Re: Regression: kernel 4.14 an later very slow with many ipsec tunnels

From: Wolfgang Walter
Date: Tue Oct 02 2018 - 10:46:00 EST


Hello,

Am Freitag, 14. September 2018, 07:54:37 schrieb Florian Westphal:
> Steffen Klassert <steffen.klassert@xxxxxxxxxxx> wrote:
> > On Thu, Sep 13, 2018 at 11:03:25PM +0200, Florian Westphal wrote:
> > > David Miller <davem@xxxxxxxxxxxxx> wrote:
> > > > From: Florian Westphal <fw@xxxxxxxxx>
> > > > Date: Thu, 13 Sep 2018 18:38:48 +0200
> > > >
> > > > > Wolfgang Walter <linux@xxxxxxx> wrote:
> > > > >> What I can say is that it depends mainly on number of policy rules
> > > > >> and SA.
> > > > >
> > > > > Thats already a good hint, I guess we're hitting long hash chains in
> > > > > xfrm_policy_lookup_bytype().
> > > >
> > > > I don't really see how recent changes can influence that.
> > >
> > > I don't think there is a recent change that did this.
> > >
> > > Walter says < 4.14 is ok, so this is likely related to flow cache
> > > removal.
> > >
> > > F.e. it looks like all prefixed policies end up in a linked list
> > > (net->xfrm.policy_inexact) and are not even in a hash table.
> > >
> > > I am staring at b58555f1767c9f4e330fcf168e4e753d2d9196e0
> > > but can't figure out how to configure that away from the
> > > 'no hashing for prefixed policies' default or why we even have
> > > policy_inexact in first place :/
> >
> > The hash threshold can be configured like this:
> >
> > ip x p set hthresh4 0 0
> >
> > This sets the hash threshold to local /0 and remote /0 netmasks.
> > With this configuration, all policies should go to the hashtable.
>
> Yes, but won't they all be hashed to same bucket?
>
> [ jhash(addr & 0, addr & 0) ] ?
>
> > Default hash thresholds are local /32 and remote /32 netmasks, so
> > all prefixed policies go to the inexact list.
>
> Yes.
>
> Wolfgang, before having to work on getting perf into your router image
> can you perhaps share a bit of info about the policies you're using?
>
> How many are there?
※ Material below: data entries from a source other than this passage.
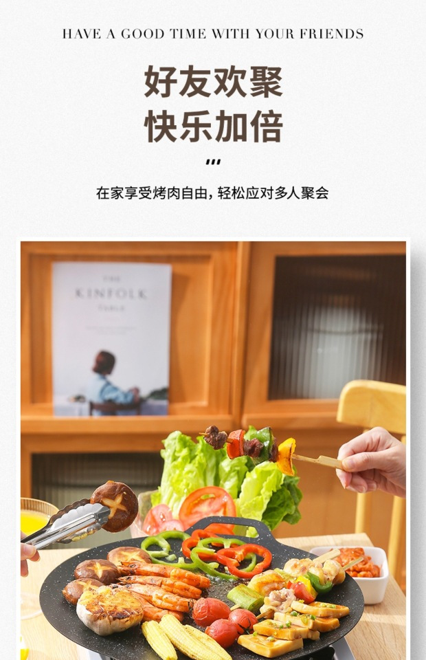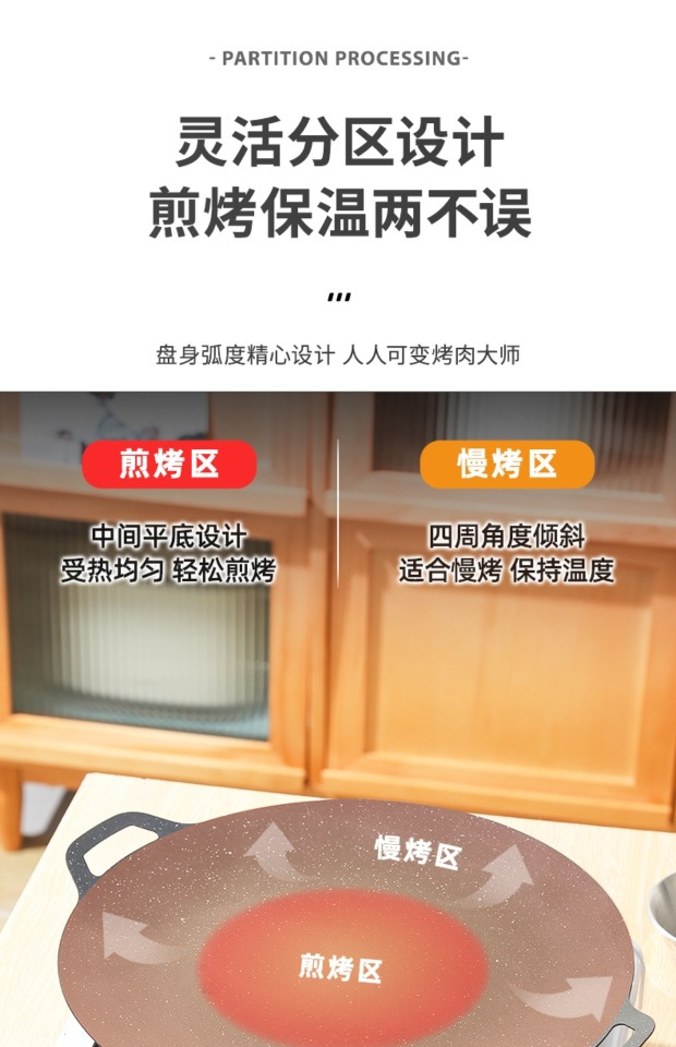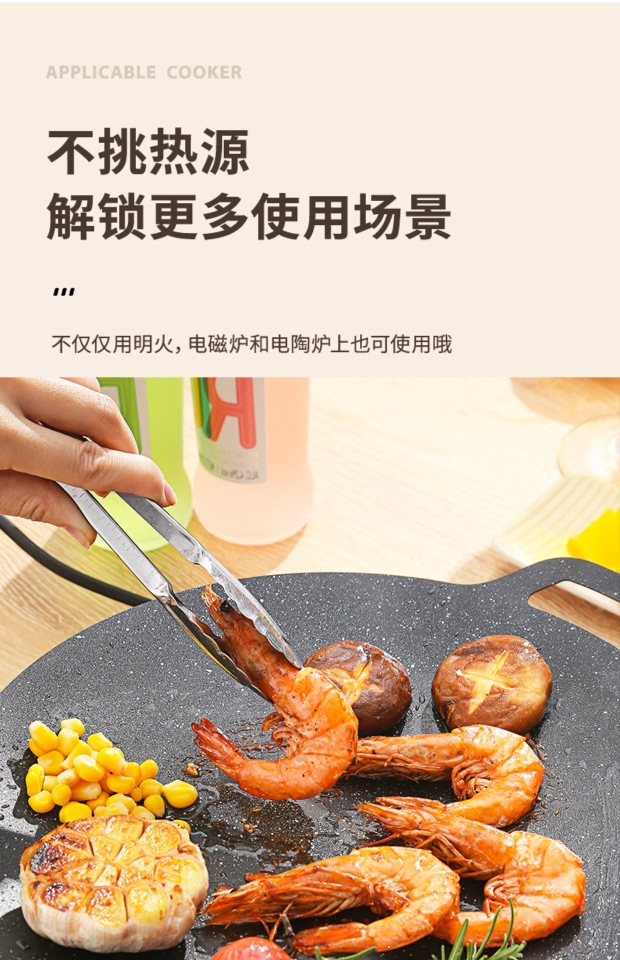 跨境烤盘户外露营烧烤盘韩式烤肉盘家用卡式炉铁板烧不粘烤盘煎盘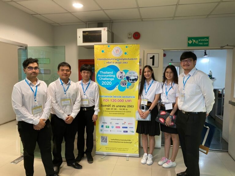 On January 25, 2020, six of our Bachelor of Accountancy program students, Mr. Wuttiporn Vegjadham (4th year), Ms. Rungpech Tareeratthakarn (4th year), Mr. Worayuth Srisaowaneekul (3rd year), Ms. Matchima Sriampai (3rd year), Mr. Piyapat Piyateerathitivorakul (3rd year) and Mr. Pera Chenkarnsuek (2nd year), participated in the Thailand Accounting Challenge 2020. The accounting challenge is conducted by the Federation of Accounting Professions (TFAC), under the Royal Patronage of His Majesty the King. It is the national accounting competition where  participants from both public and private institutions that offer Bachelor’s  Degree in Accountancy are invited. The competition was held for the eighth time and it is our second time that we have participated. Aj. Duangjai Ow-Jariyapithak, faculty member in the Accountancy program, enthusiastically supported the students to participate in the competition.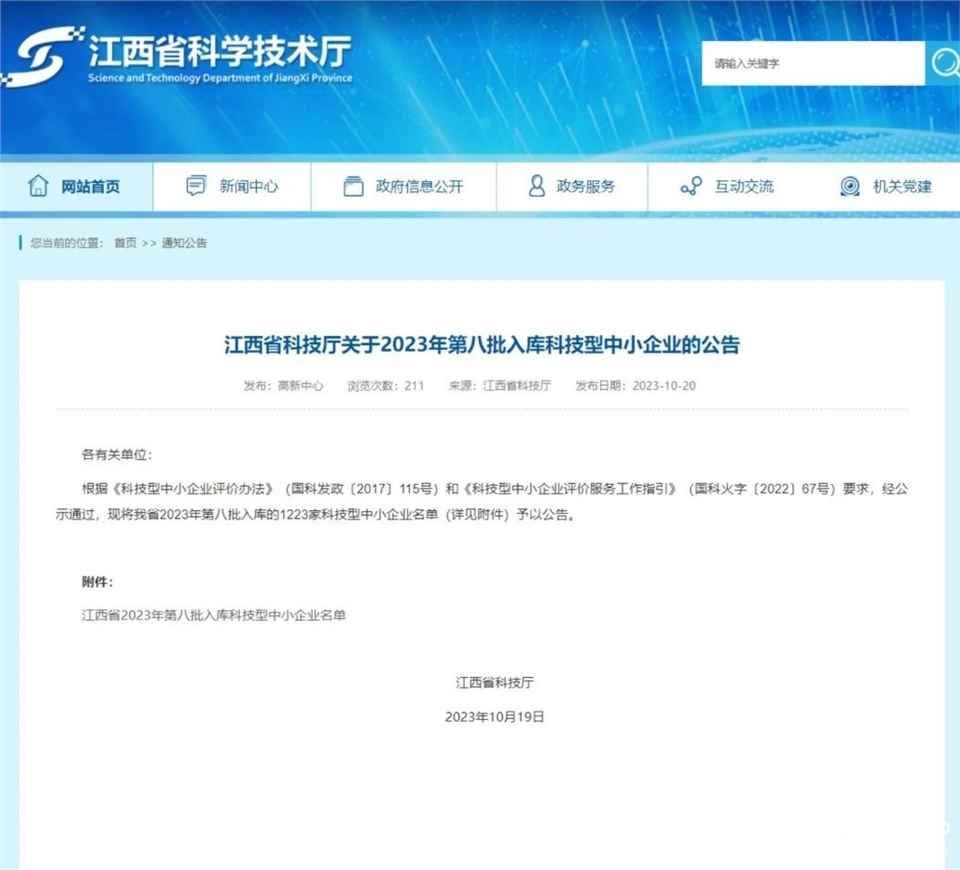 10月19日,江西省科学技术厅发布了《江西省2023年第八批拟入库科技型中小企业名单公告》,高安市欧大师家居科技有限公司成功入库科技型中小企业!这意味着我司在科学技术研究、自主知识产权等方面的技术服务获得官方认可!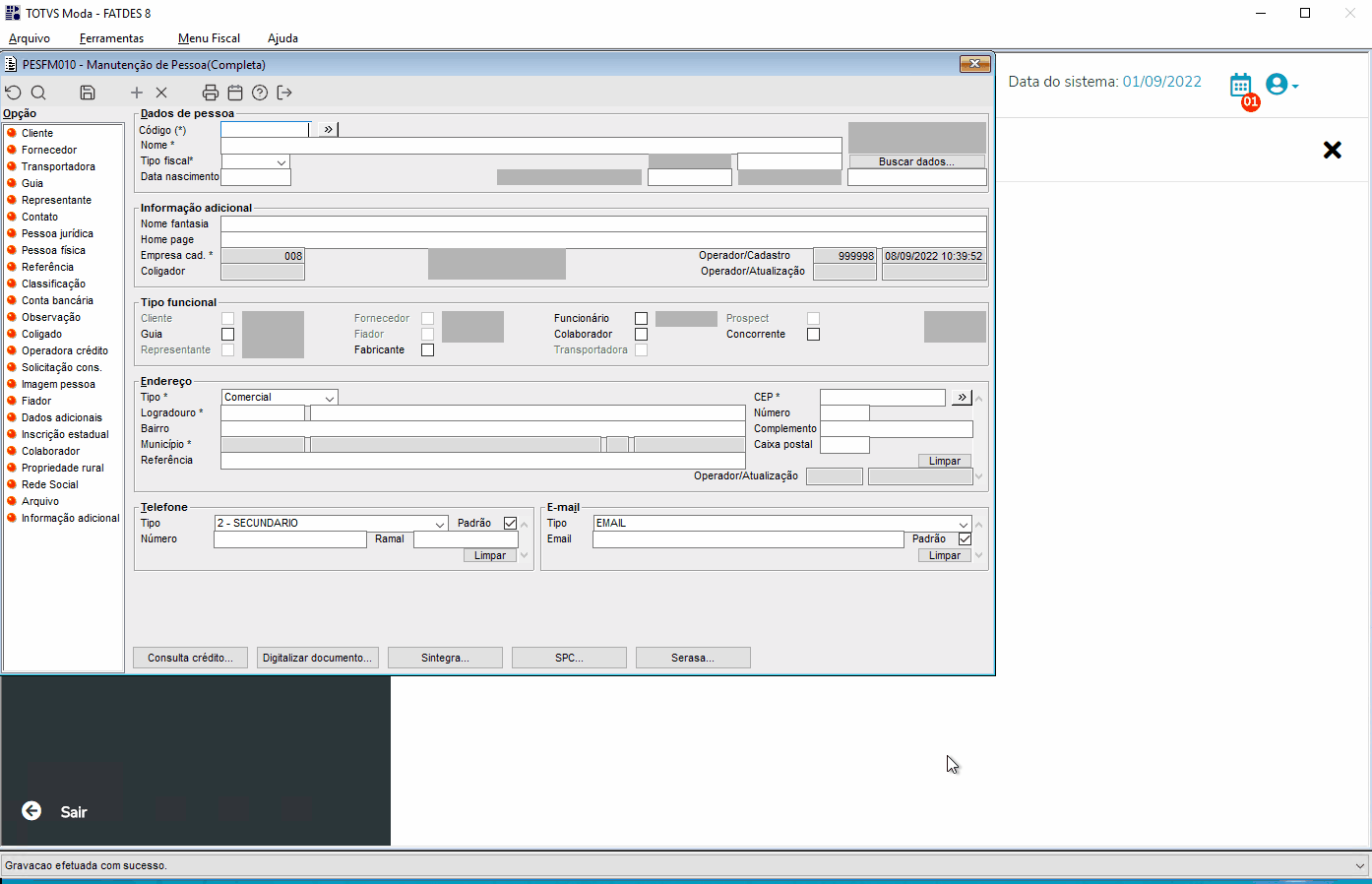 Gif 1 - Acima é possível ver a tela do PESFM010 inserindo uma inscrição estadual com 11 dígitos e gravando a inclusão.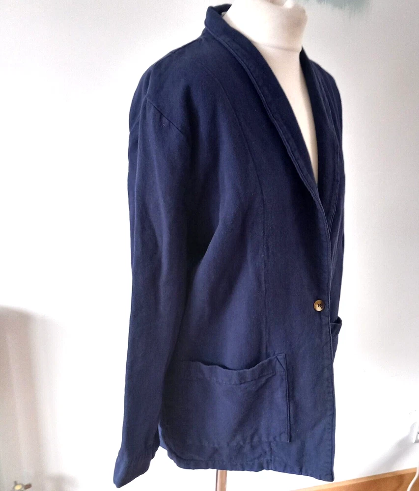 Gently used condition with no faults found. Boxy chore jacket. 100% cotton. Measures 23" pit to pit so meant to be oversized, 21" across waist area approx, length nape to hem 30". Made in USA.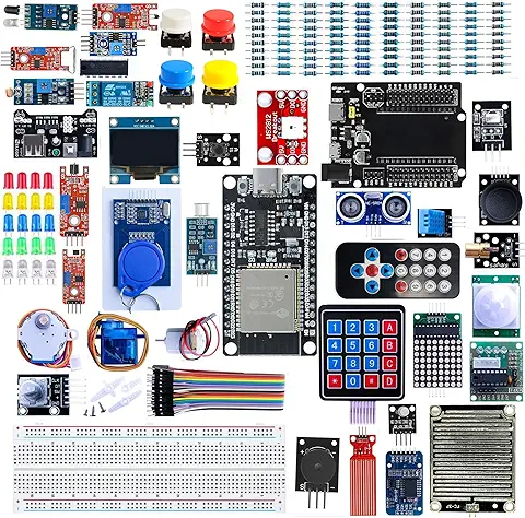 DIY Wireless IOT Ultimate Starter Kit with ESP32 Controller Board with C-Type Interface & Expension Board | 40+ Project Online Tutorials | Compatible with UNO, RPi, ESP32, | 42+ Components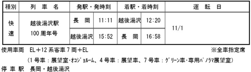 運行ダイヤは長岡11:11発 → 越後湯沢12:20着、越後湯沢 15:52発 → 長岡16:58着。全車指定席です。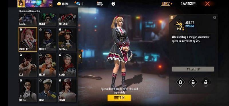 Caroline is a passive character in Free Fire, and her ability is called Agility. The skill increases the movement speed of players by 3% when they are holding a shotgun.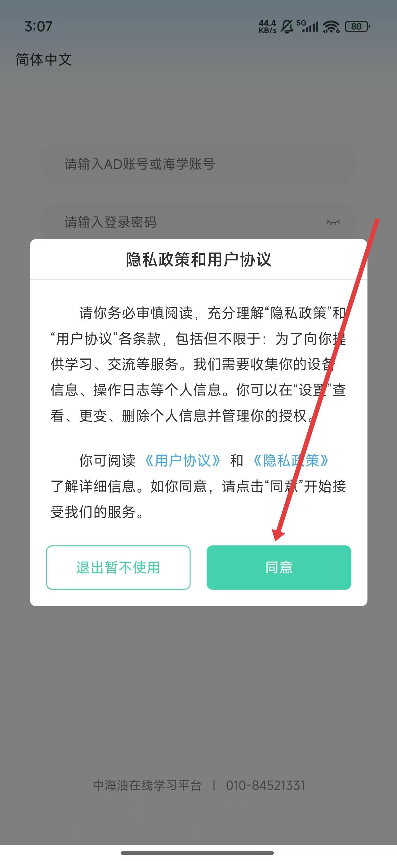 1、打開中國海油海學(xué)app后,點(diǎn)擊彈窗中的同意按鈕,進(jìn)入使用。
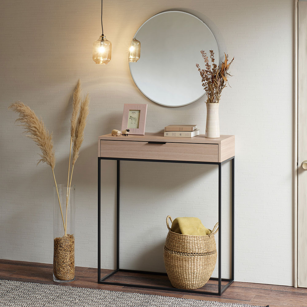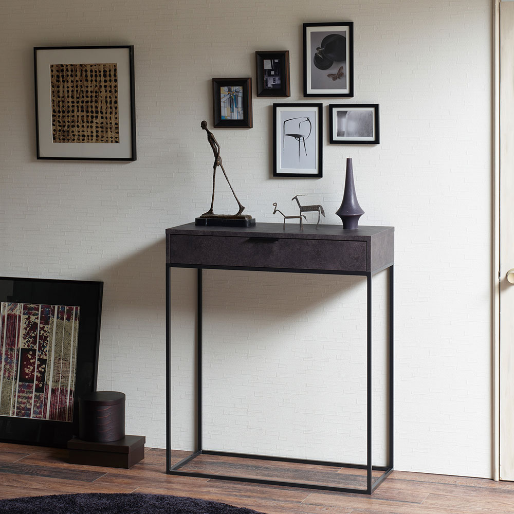 スチールの直線的なデザインが印象的なコンソールテーブルです。インテリア小物や花瓶などをおしゃれにディスプレイ出来るだけでなく、収納に便利な引出し付きです。IRシリーズのリビングテーブルやパモウナの他シリーズのアイテムとカラーを揃えることができ、統一感のあるインテリアを可能にします。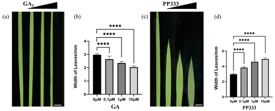 Gibberellins were negatively correlated with leaf width. (a) L3 leaf treated with GA3 for 7 days; concentrations from left to right were 0 μM, 0.1 μM, 1 μM, 10 μM, scale bar = 5 mm. (b) Statistics of leaf width of each GA treatment group (n = 15), and t-test was performed for each treatment group and control group; **** indicates highly significant differences (p-value < 0.0001). (c) The third leaf of rice treated with PP333 for 7 days; PP333 concentrations from left to right were 0 μM, 0.1 μM, 1 μM, and 10 μM; scale bar = 5 mm. (d) Statistics of leaf width of each PP333 treatment group (n = 15), and t-test was performed for each treatment group and control group; **** indicates highly significant differences (p-value < 0.0001).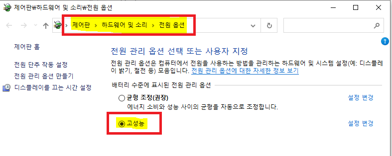 저사양 PC에서 고성능으로 선택 해 주시고, 노트북에서는 균형조정을 사용하시면 베터리를 절약할 수 있습니다.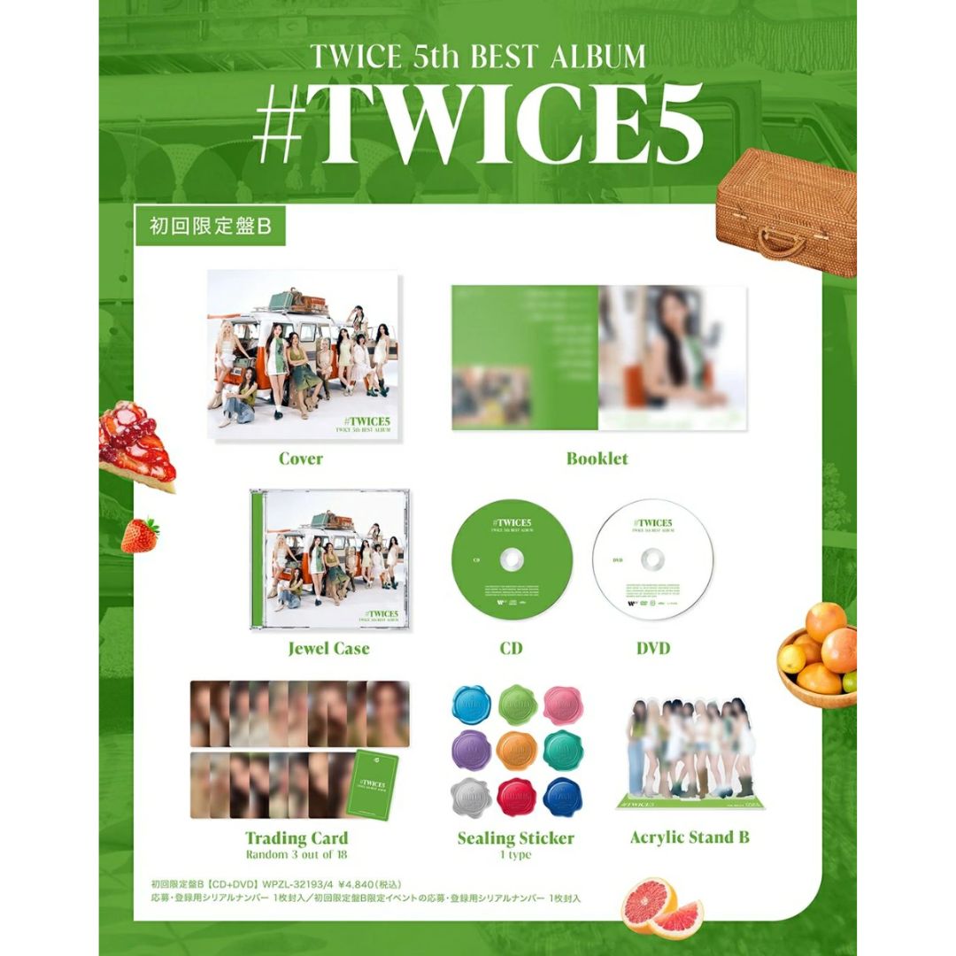 Segera amankan “#TWICE5 (First Limited Edition B)” dan nikmati koleksi lagu-lagu terbaik TWICE serta konten video eksklusif yang akan semakin mendekatkan Anda dengan para member! Edisi terbatas ini sangat dinantikan dan persediaannya terbatas.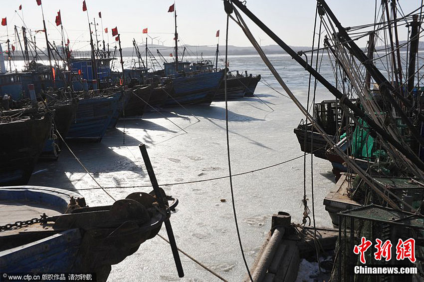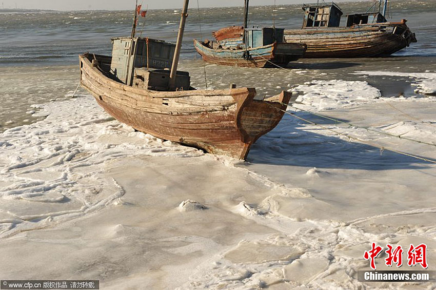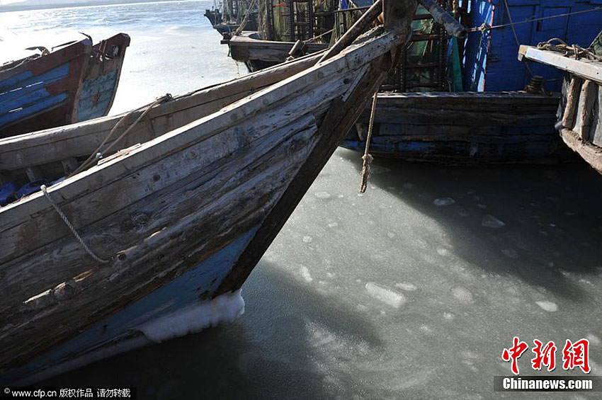 從12月25日以來,一場(chǎng)冷空氣席卷山東半島,沿海最低氣溫達(dá)-11℃,渤海萊州灣剛剛?cè)诨暮1,再次凝結(jié),有些地方形成了寬約三海里的海冰帶,給當(dāng)?shù)厝嗣裆a(chǎn)生活帶來很大影響。方義 攝 圖片來源:CFP視覺中國(guó)

Are they prefixed or not ("10.1.2.1")?

Since my last reply to this message I didn't get a reply: is there any
progress how to fix this performance regression I missed?

Or are we stuck here with longterm kernel 4.9 for a long time?


Regards,
--
Wolfgang Walter
Studentenwerk München
Anstalt des öffentlichen Rechts